EXERCISE DIRECTIONS: Everything in the listing should be transcribed exactly, apart from the pictures.

PROVIDED DATA:
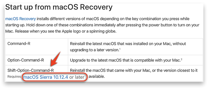 - macOS sierra 10.12.4 이전의 macOS가 설치되어 있는 경우에는 아래 Shift-Option-Command-R 처럼 동작
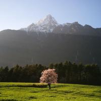 岗乡自然保护区素为人知,桃花节期间的游人也不多。这里也是农村,只是有更多更好的客栈。无门票。位于波密与桃花沟之间,在公路的对面。 岗乡的桃花有别于桃花沟的特点是:桃花树并不密集,而以绿色青稞田点缀若干棵桃花树配雪峰,非常漂亮的景色。在索朗层确家庭旅馆前,有一处青稞田+桃花树+雪峰,在下午6点以后,那是非常美的光线变化带来的美妙景色。在之前,有一处雪峰+桃花树+青稞田的所在也是漂亮如画。 建议下午6点后去岗乡,这时的光线最佳!
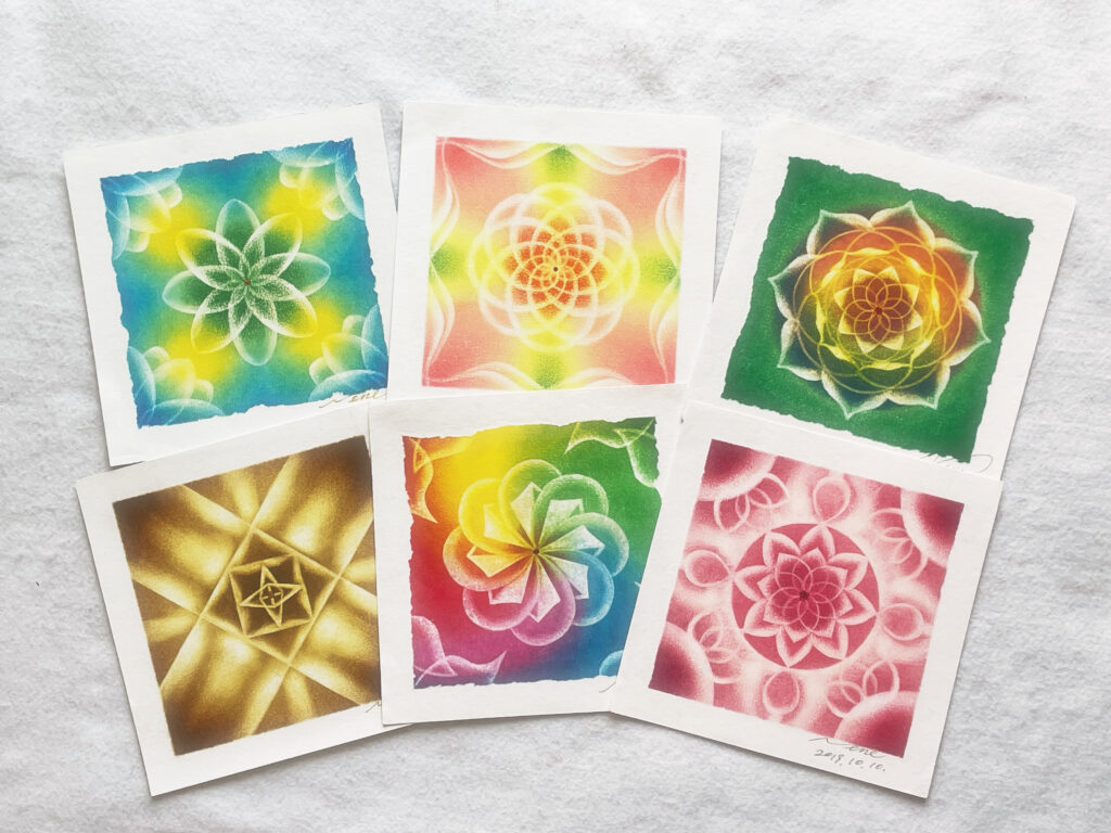 誰にでも親しみが持てやすいパステルの優しい色味。そんなパステルを粉状にして、指でくるくる紙に描く…。曼荼羅アート(『曼荼羅ワーク®』の手法)や、和(NAGOMI)アートほか手法を活かしたパステルという画材を使って描くアート。『わたしにも描けた!』から、心を広げ、みえる世界を見渡して。

EXERCISE ANSWER:
 - macOS sierra 10.12.4 이전의 macOS가 설치되어 있는 경우에는 아래 Shift-Option-Command-R 처럼 동작
 岗乡自然保护区素为人知,桃花节期间的游人也不多。这里也是农村,只是有更多更好的客栈。无门票。位于波密与桃花沟之间,在公路的对面。 岗乡的桃花有别于桃花沟的特点是:桃花树并不密集,而以绿色青稞田点缀若干棵桃花树配雪峰,非常漂亮的景色。在索朗层确家庭旅馆前,有一处青稞田+桃花树+雪峰,在下午6点以后,那是非常美的光线变化带来的美妙景色。在之前,有一处雪峰+桃花树+青稞田的所在也是漂亮如画。 建议下午6点后去岗乡,这时的光线最佳!
 誰にでも親しみが持てやすいパステルの優しい色味。そんなパステルを粉状にして、指でくるくる紙に描く…。曼荼羅アート(『曼荼羅ワーク®』の手法)や、和(NAGOMI)アートほか手法を活かしたパステルという画材を使って描くアート。『わたしにも描けた!』から、心を広げ、みえる世界を見渡して。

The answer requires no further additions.